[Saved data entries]
BEGIN
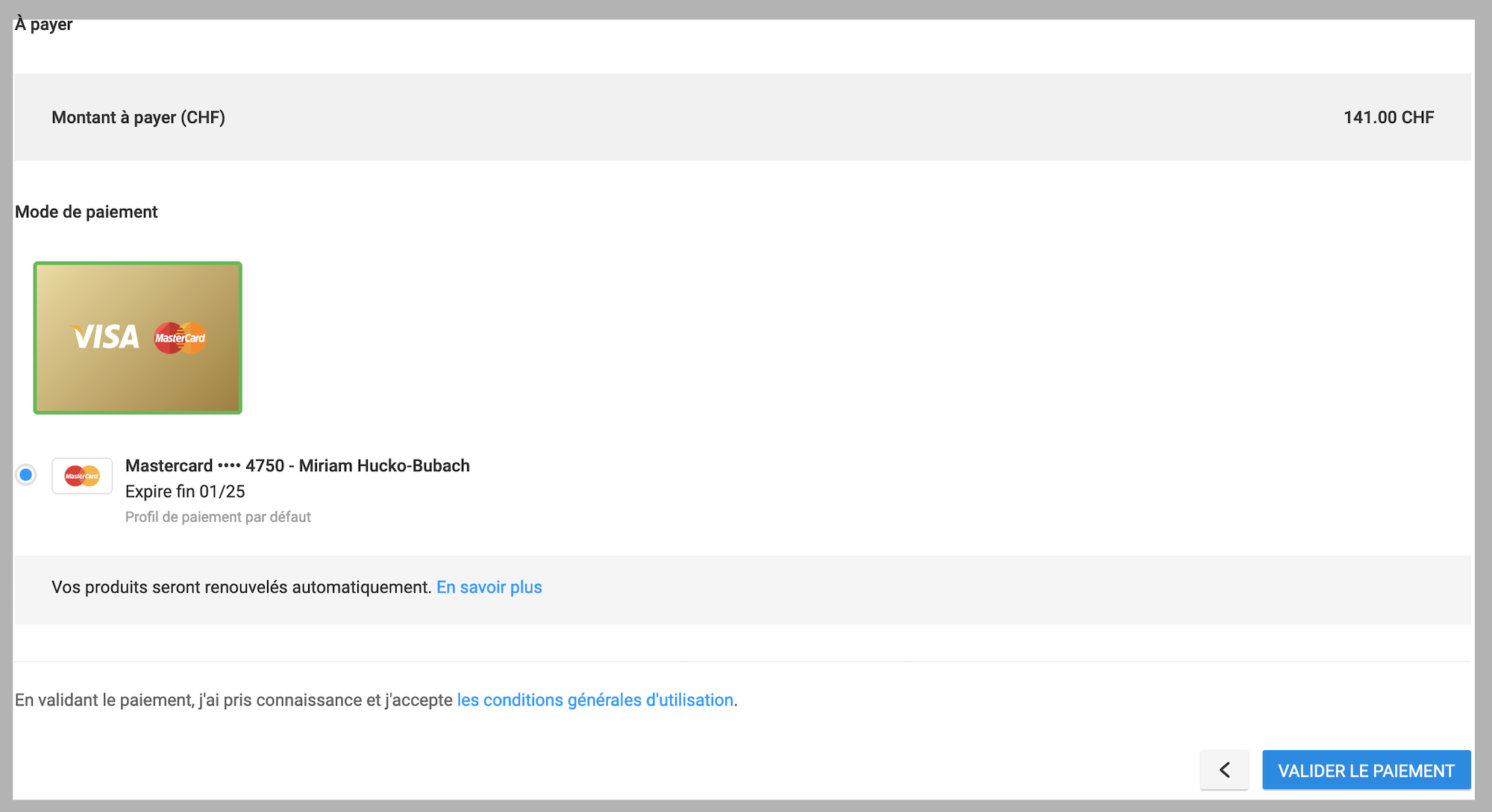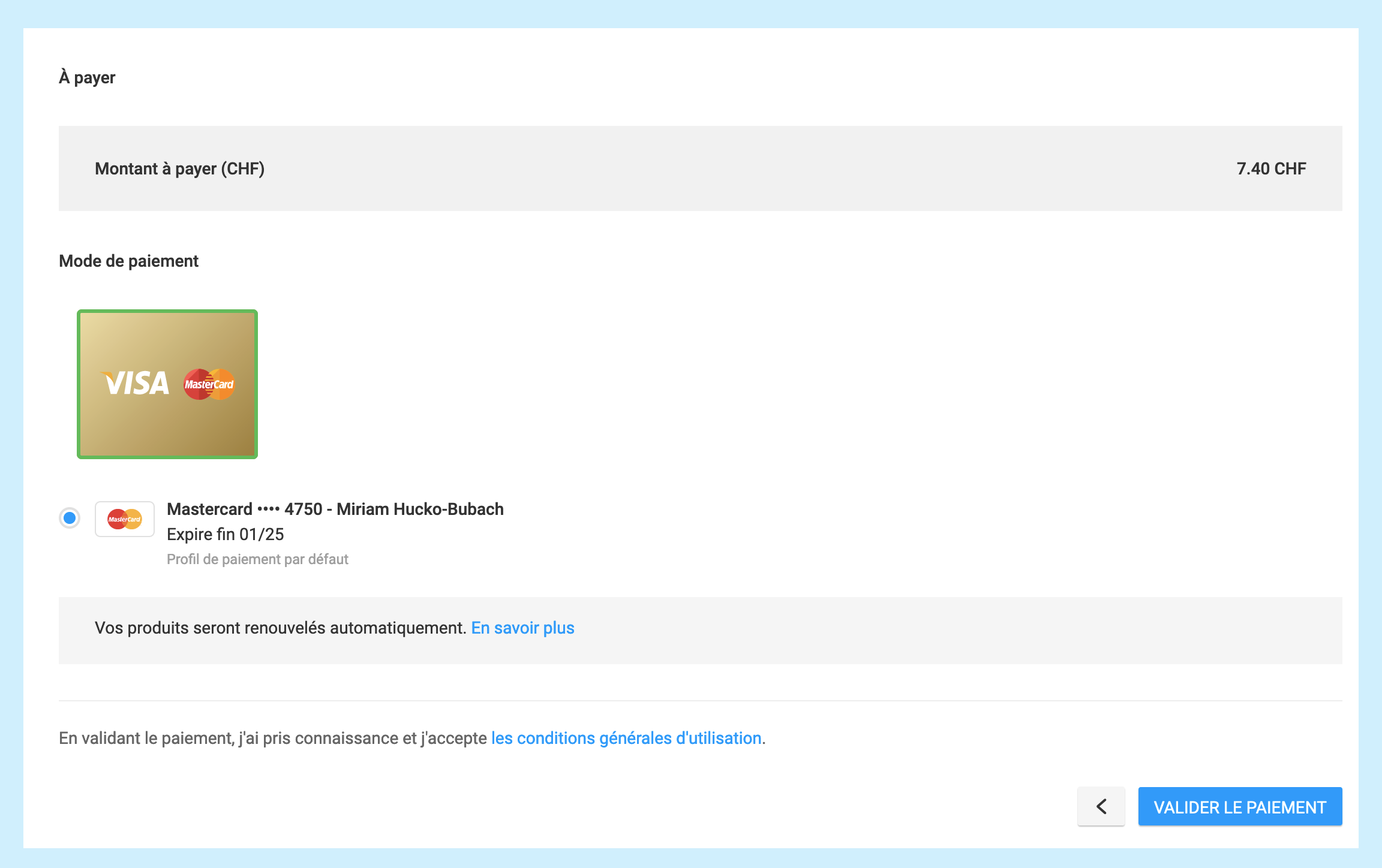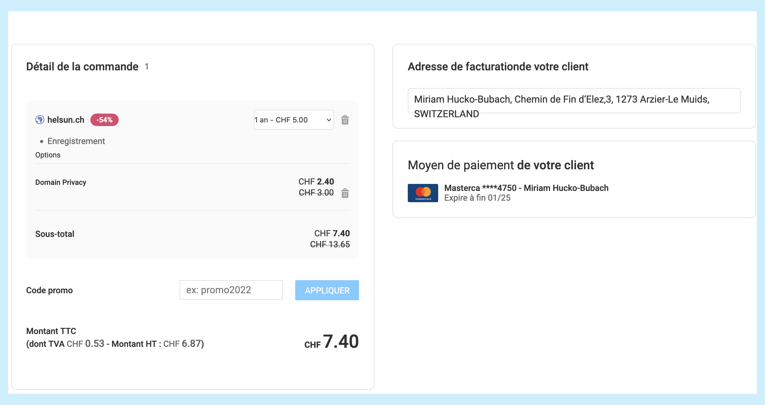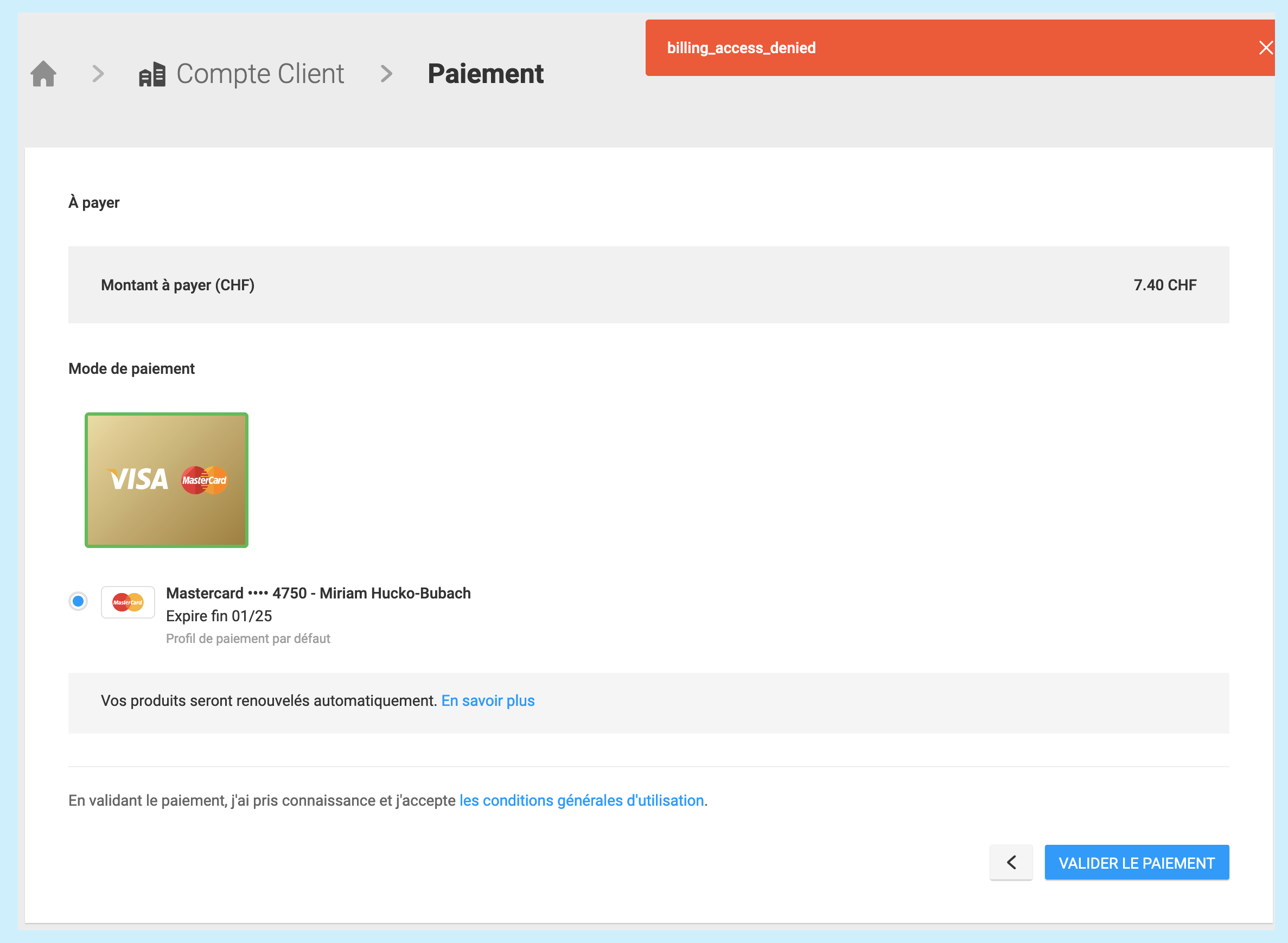 2/ Enregistrement d’un moyen de paiement par le client
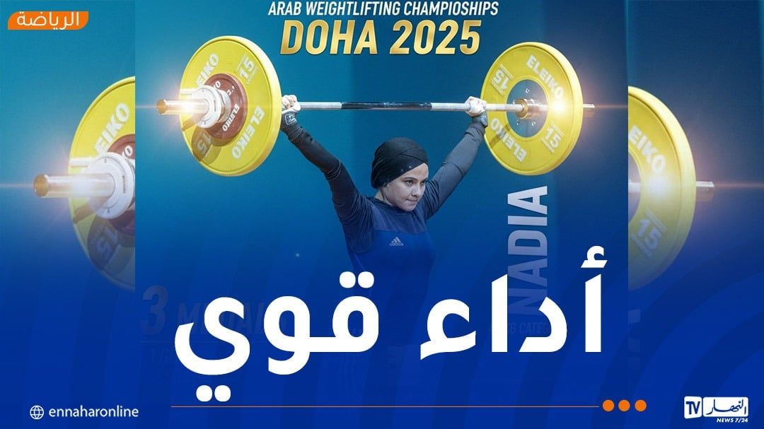 أهدت البطلة الصاعدة في رياضة رفع الأثقال، نادية كتابي، الجزائر 3 ميداليات في ثاني أيام البطولة العربية، الجارية وقائعها بالدوحة القطرية، في الفترة ما بين الـ 20 والـ 27 ديسمبر الجاري.
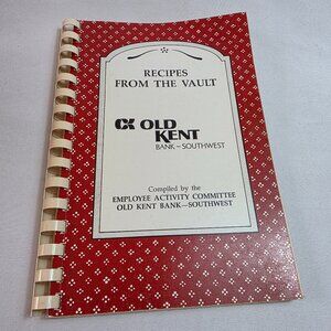 For sale is a vintage 1992 copy of Old Kent Bank Employee's Cookbook titled "Recipes from the Vault". The cookbook was published by Old Kent Bank Southwest Employee Activity Committee and contains employee favorite recipes. The cookbook is softcover and spiral bound. The cookbook is in good used condition with minor wear
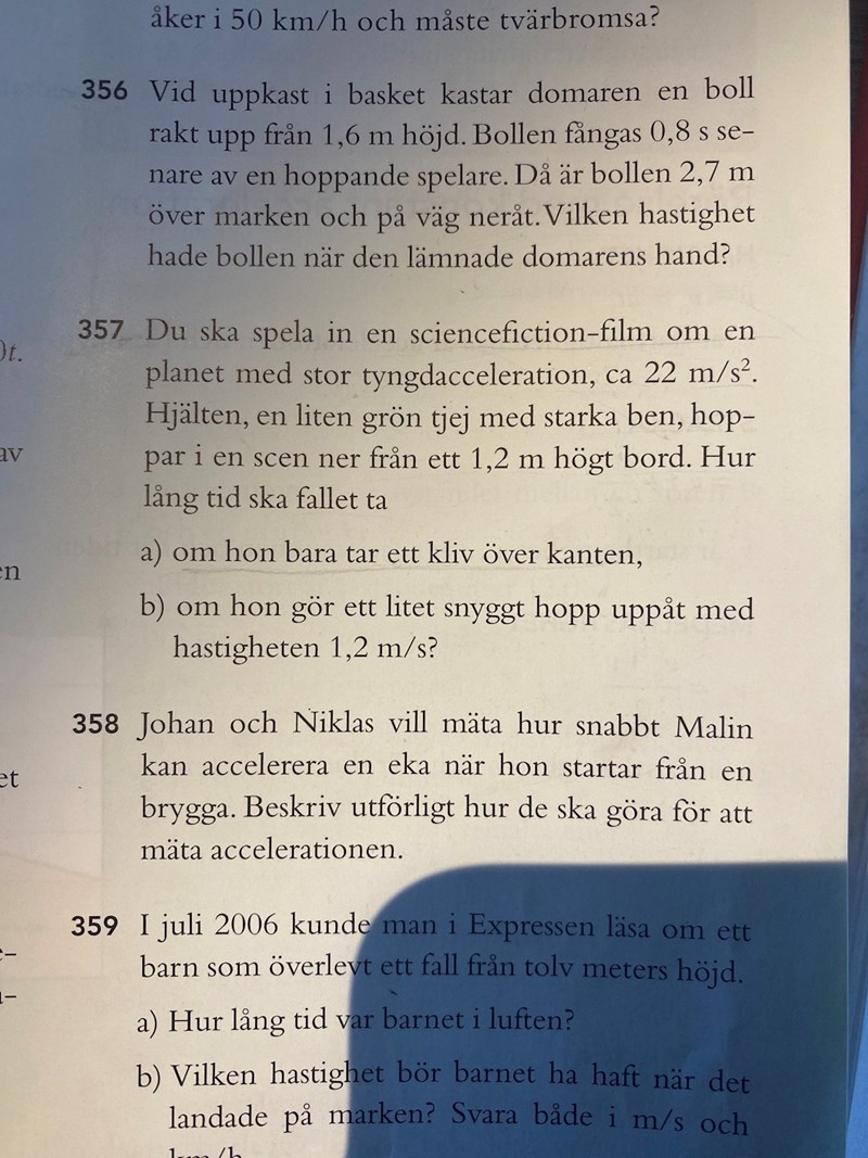 På fråga a) tänkte jag att tyngdaccelerationen är negativ och hastighet som rör sig nedåt är negativ.
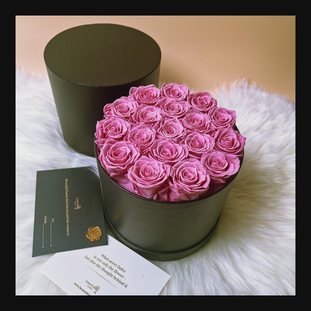 Preserved Roses Box – Round – Pink – 18 Roses
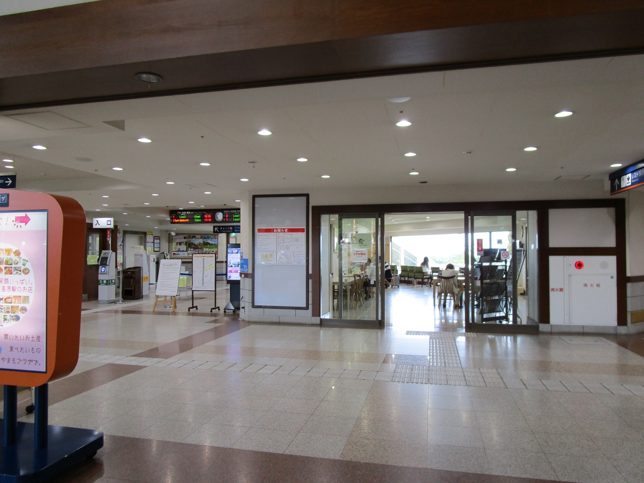 駅ビル『やまもプラザ』の完成により改札は高原口側に集約され、北側出口は高原口(桜並木口)、南側は八幡野口(やまも口)と呼ばれています。
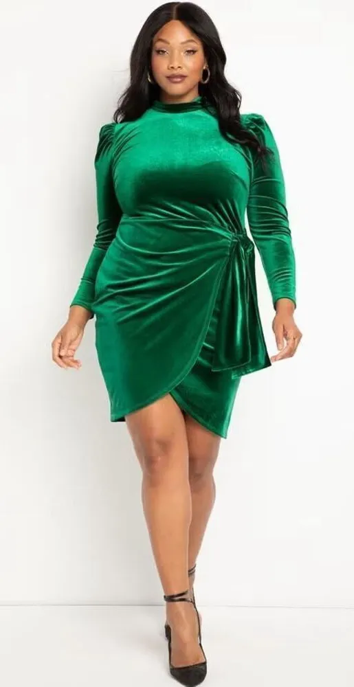 ✨Eloquii Velvet Mini Dress with Wrap Skirt Size: 22 Color: Green Snug fit Back zipper Leg-o-mutton sleeve Wrap skirt detail Stretch knit velvet Hits above the knee Body length on size 18 is 40 1/2" 93% Polyester/ 7% Spandex Care: Machine wash cold gentle cycle with like colors. Only non-chlorine bleach when needed. Do not tumble dry. Lay flat to dry. Cool iron as needed. Retails: $100 BIN 45✨
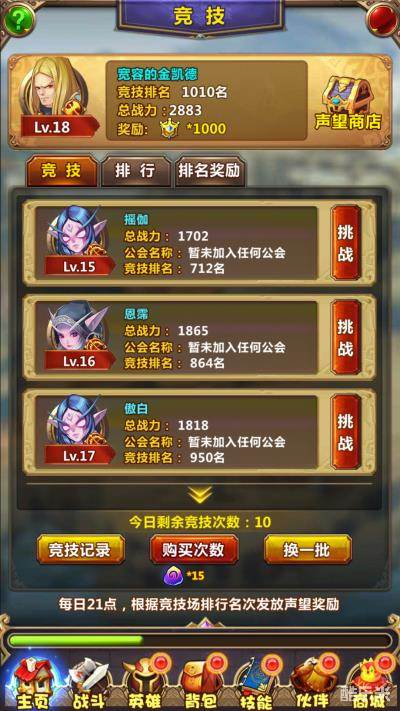 小编建议大家,先是在低于你战力的玩家里选一个排名最高的对手,这样可以最高效的提升你自己的排名。而大家每天参与竞技的次数都是有限的,所以要好好利用有限的次数去提升自己的排名。
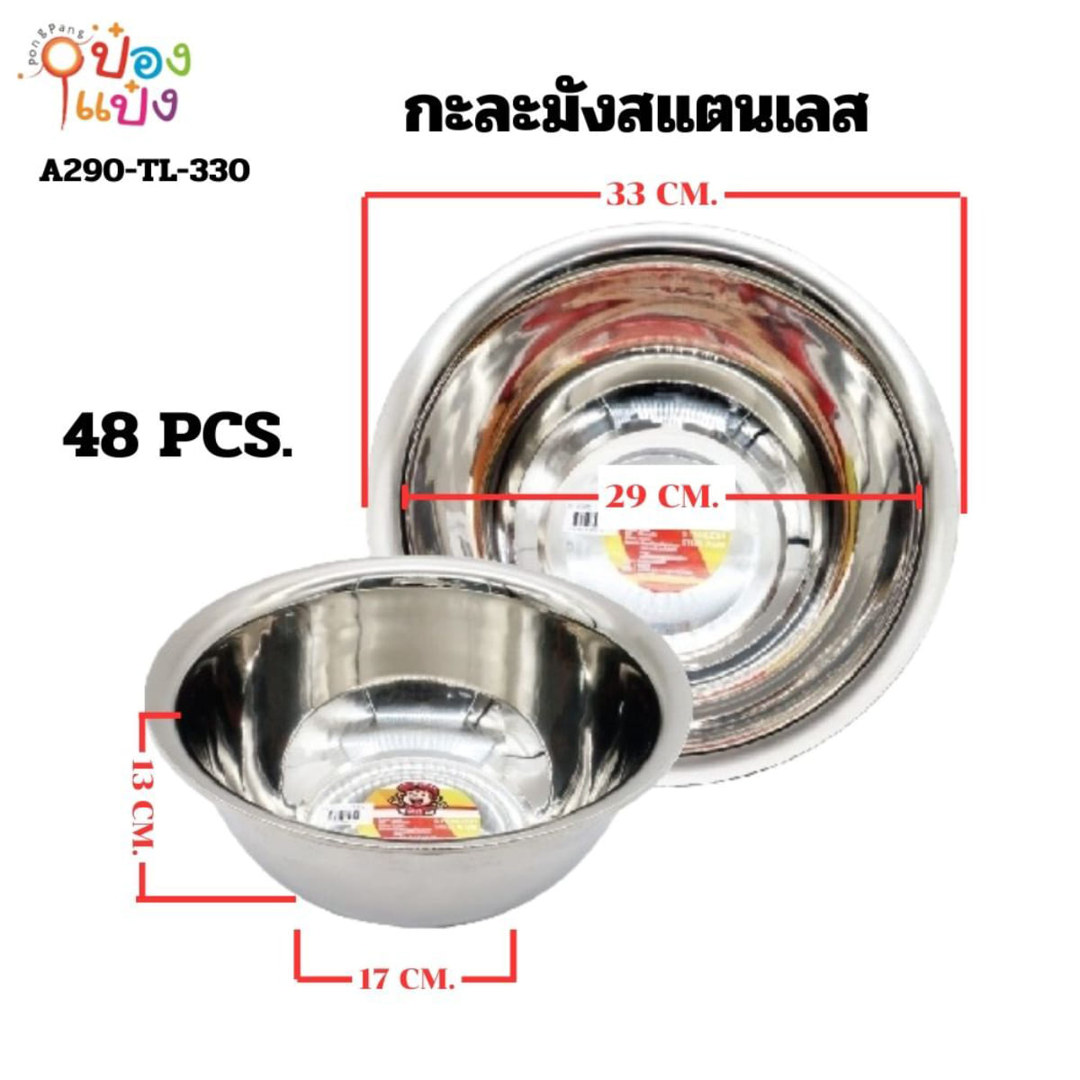 1086. (B209-LH6032-330) กะละมังสแตนเลส 34cm 75 บาท/ชิ้น ขั้นต่ำ 6 ชิ้น T330
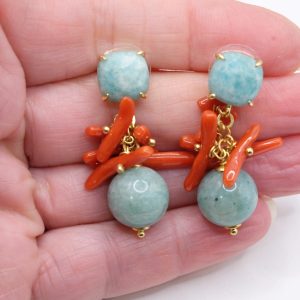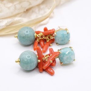 Orecchini con sfera in amazzonite e grappolo di perle e corallo naturali o solo corallo
END
> _Work to be completed_: Only the lines from the start of the records to the line with "أهدت البطلة الصاعدة" belong in the copy. Print them exactly, minus pictures.

> _Task output_:
 2/ Enregistrement d’un moyen de paiement par le client
 أهدت البطلة الصاعدة في رياضة رفع الأثقال، نادية كتابي، الجزائر 3 ميداليات في ثاني أيام البطولة العربية، الجارية وقائعها بالدوحة القطرية، في الفترة ما بين الـ 20 والـ 27 ديسمبر الجاري.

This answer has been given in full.